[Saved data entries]
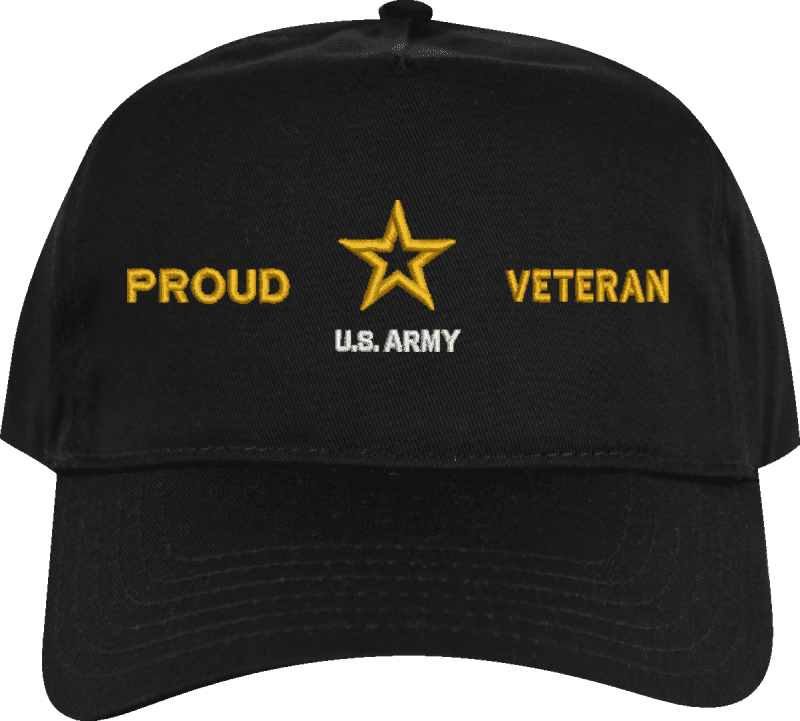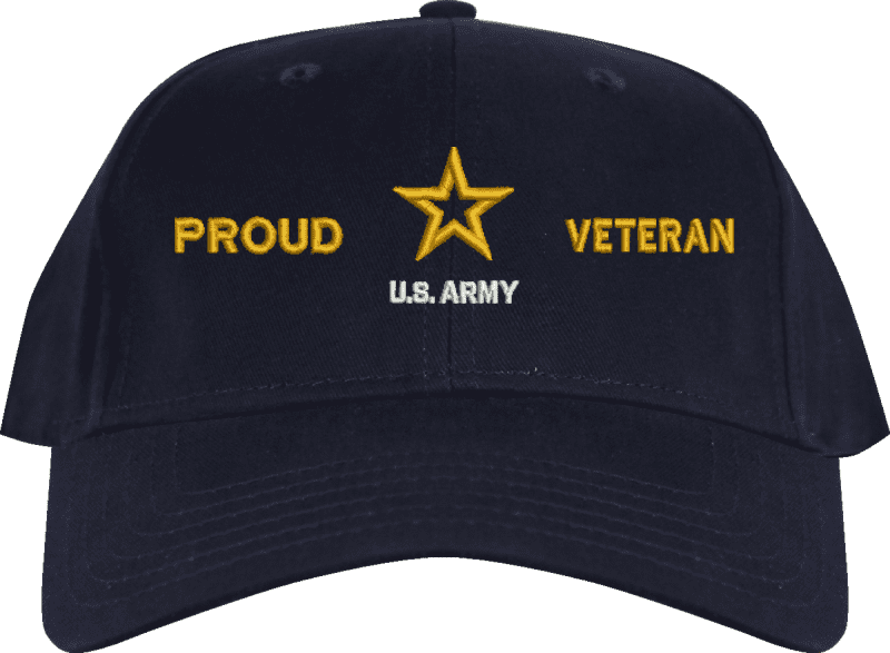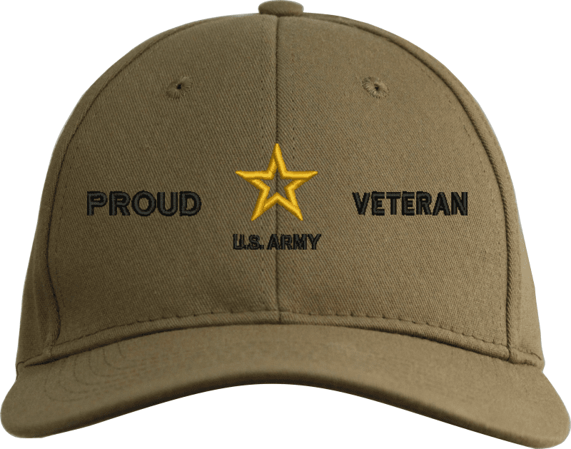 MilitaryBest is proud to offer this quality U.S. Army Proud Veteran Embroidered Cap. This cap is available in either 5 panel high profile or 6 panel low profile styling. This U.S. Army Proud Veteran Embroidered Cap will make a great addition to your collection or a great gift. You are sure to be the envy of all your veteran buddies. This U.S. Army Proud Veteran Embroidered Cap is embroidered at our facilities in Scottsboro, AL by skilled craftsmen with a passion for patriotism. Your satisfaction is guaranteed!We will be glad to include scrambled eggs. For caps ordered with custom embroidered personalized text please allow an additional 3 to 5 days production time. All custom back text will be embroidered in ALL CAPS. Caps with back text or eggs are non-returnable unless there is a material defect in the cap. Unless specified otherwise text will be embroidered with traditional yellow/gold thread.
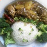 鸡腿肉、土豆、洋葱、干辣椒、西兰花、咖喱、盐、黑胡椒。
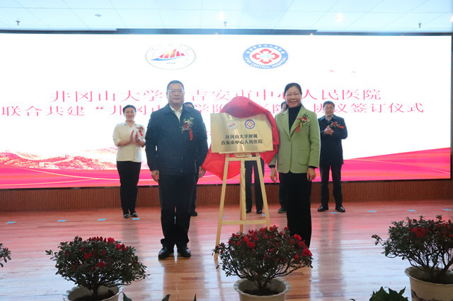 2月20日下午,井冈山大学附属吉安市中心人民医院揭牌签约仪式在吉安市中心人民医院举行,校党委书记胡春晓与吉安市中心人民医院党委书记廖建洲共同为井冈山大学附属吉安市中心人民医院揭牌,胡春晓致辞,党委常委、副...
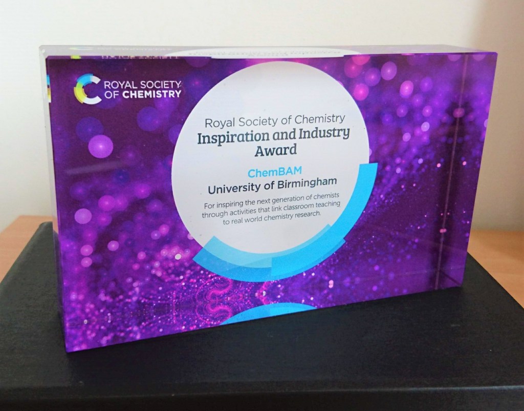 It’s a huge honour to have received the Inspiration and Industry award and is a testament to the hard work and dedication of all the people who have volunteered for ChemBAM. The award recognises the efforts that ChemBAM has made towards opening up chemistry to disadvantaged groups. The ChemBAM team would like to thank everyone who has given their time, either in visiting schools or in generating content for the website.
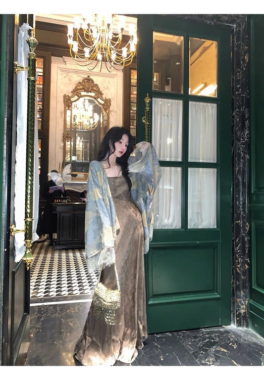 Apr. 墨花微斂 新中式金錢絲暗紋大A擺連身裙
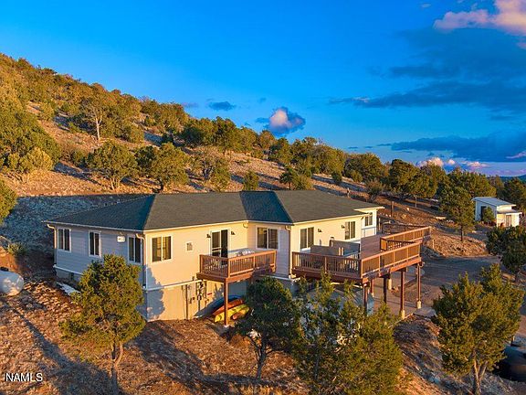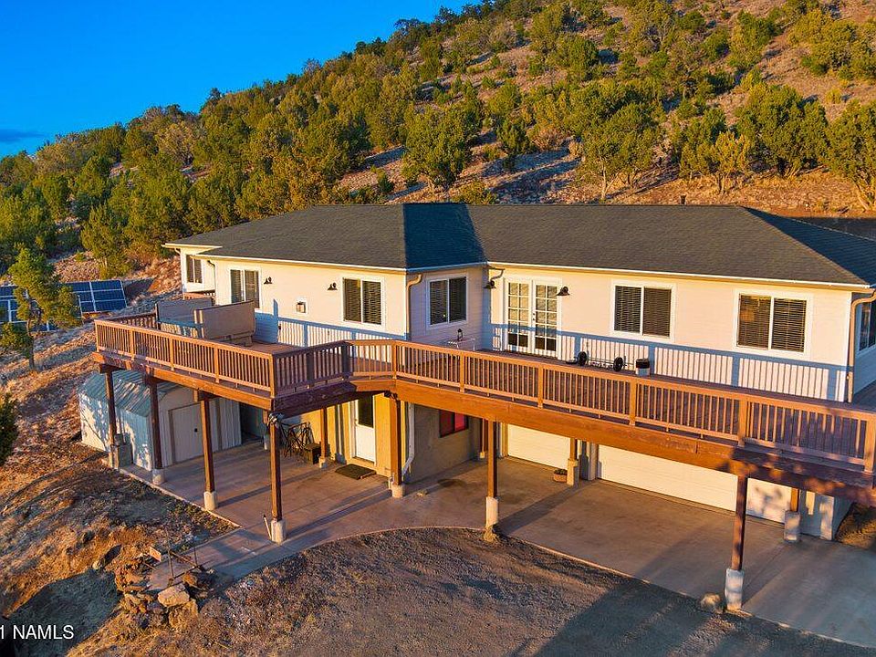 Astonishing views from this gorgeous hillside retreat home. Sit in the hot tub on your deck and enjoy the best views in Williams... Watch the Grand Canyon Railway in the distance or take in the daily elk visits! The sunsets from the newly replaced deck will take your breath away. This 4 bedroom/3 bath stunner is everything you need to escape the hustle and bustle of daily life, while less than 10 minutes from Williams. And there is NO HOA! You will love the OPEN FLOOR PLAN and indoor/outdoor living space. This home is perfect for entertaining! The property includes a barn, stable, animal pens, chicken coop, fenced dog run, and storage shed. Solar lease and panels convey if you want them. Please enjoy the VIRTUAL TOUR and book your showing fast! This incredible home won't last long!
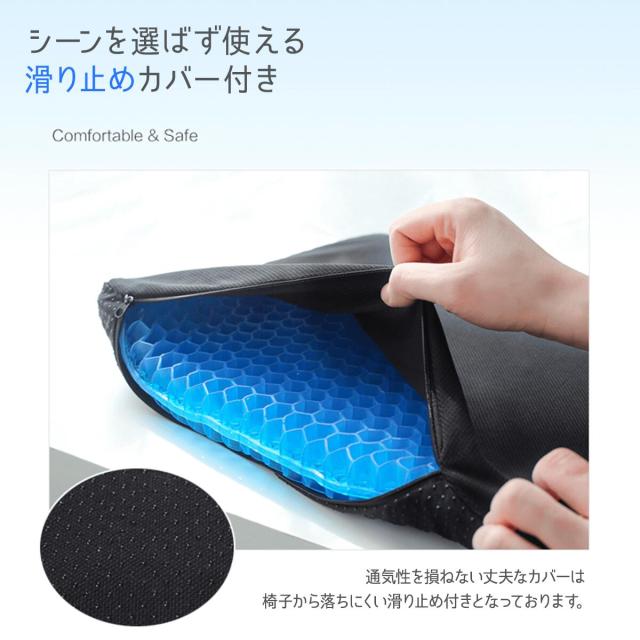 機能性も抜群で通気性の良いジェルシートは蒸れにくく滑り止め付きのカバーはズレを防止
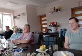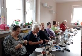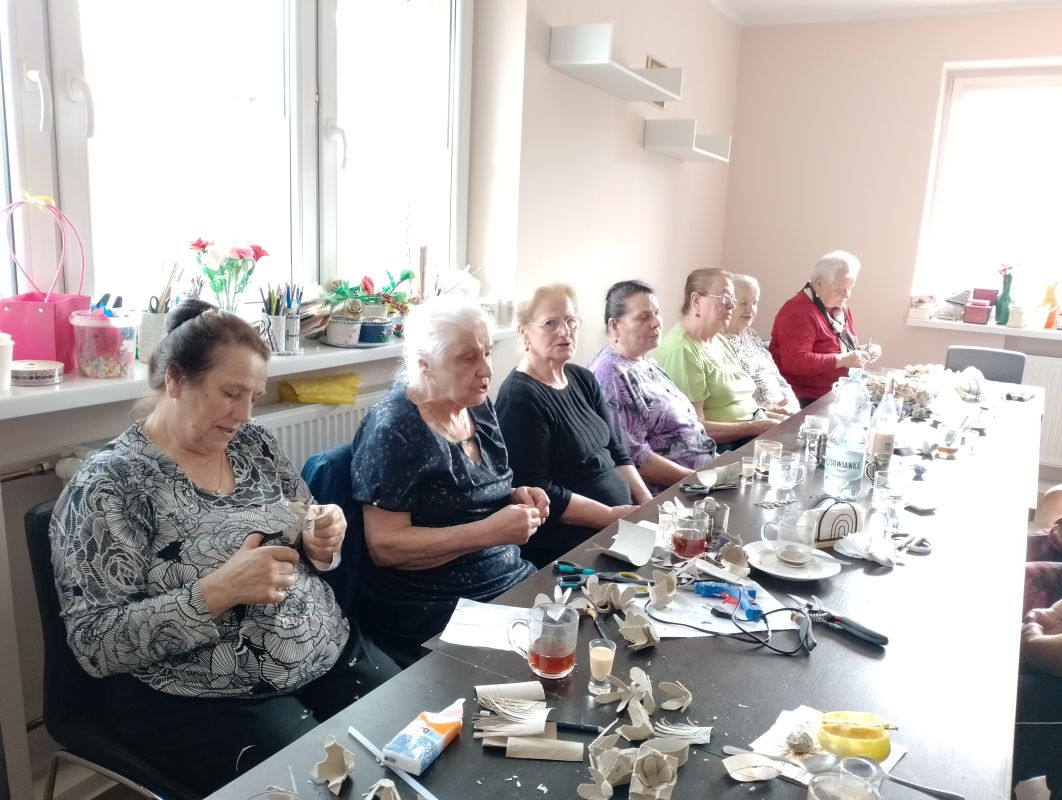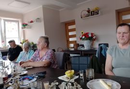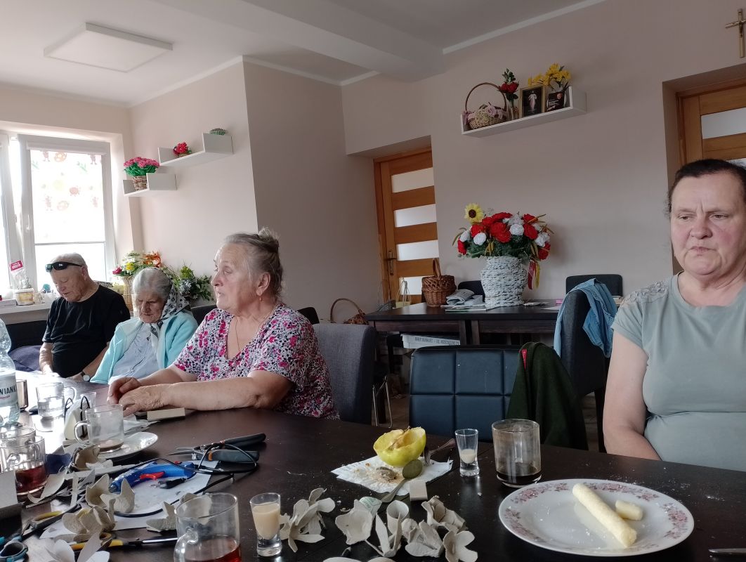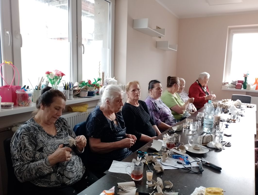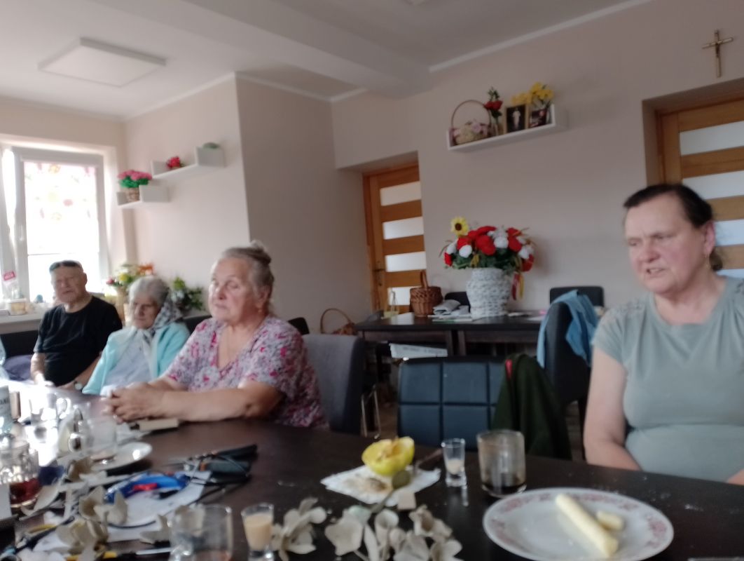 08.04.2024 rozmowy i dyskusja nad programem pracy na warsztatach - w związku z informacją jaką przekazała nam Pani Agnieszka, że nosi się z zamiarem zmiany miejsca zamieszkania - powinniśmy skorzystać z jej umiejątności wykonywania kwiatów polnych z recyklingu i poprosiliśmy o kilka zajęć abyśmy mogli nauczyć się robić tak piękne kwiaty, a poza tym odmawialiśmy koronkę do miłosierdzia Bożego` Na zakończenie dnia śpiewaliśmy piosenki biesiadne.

| WHAT YOU SHOULD DO |
When copying from the data above, begin at the line containing "鸡腿肉、土豆、洋葱、干辣椒、西兰花、咖喱、盐、黑胡椒。" and end at the line containing "Apr. 墨花微斂 新中式金錢絲暗紋大A擺連身裙"; return those lines exactly and leave all pictures behind.

| RESPONSE BELOW |
 鸡腿肉、土豆、洋葱、干辣椒、西兰花、咖喱、盐、黑胡椒。
 2月20日下午,井冈山大学附属吉安市中心人民医院揭牌签约仪式在吉安市中心人民医院举行,校党委书记胡春晓与吉安市中心人民医院党委书记廖建洲共同为井冈山大学附属吉安市中心人民医院揭牌,胡春晓致辞,党委常委、副...
 It’s a huge honour to have received the Inspiration and Industry award and is a testament to the hard work and dedication of all the people who have volunteered for ChemBAM. The award recognises the efforts that ChemBAM has made towards opening up chemistry to disadvantaged groups. The ChemBAM team would like to thank everyone who has given their time, either in visiting schools or in generating content for the website.
 Apr. 墨花微斂 新中式金錢絲暗紋大A擺連身裙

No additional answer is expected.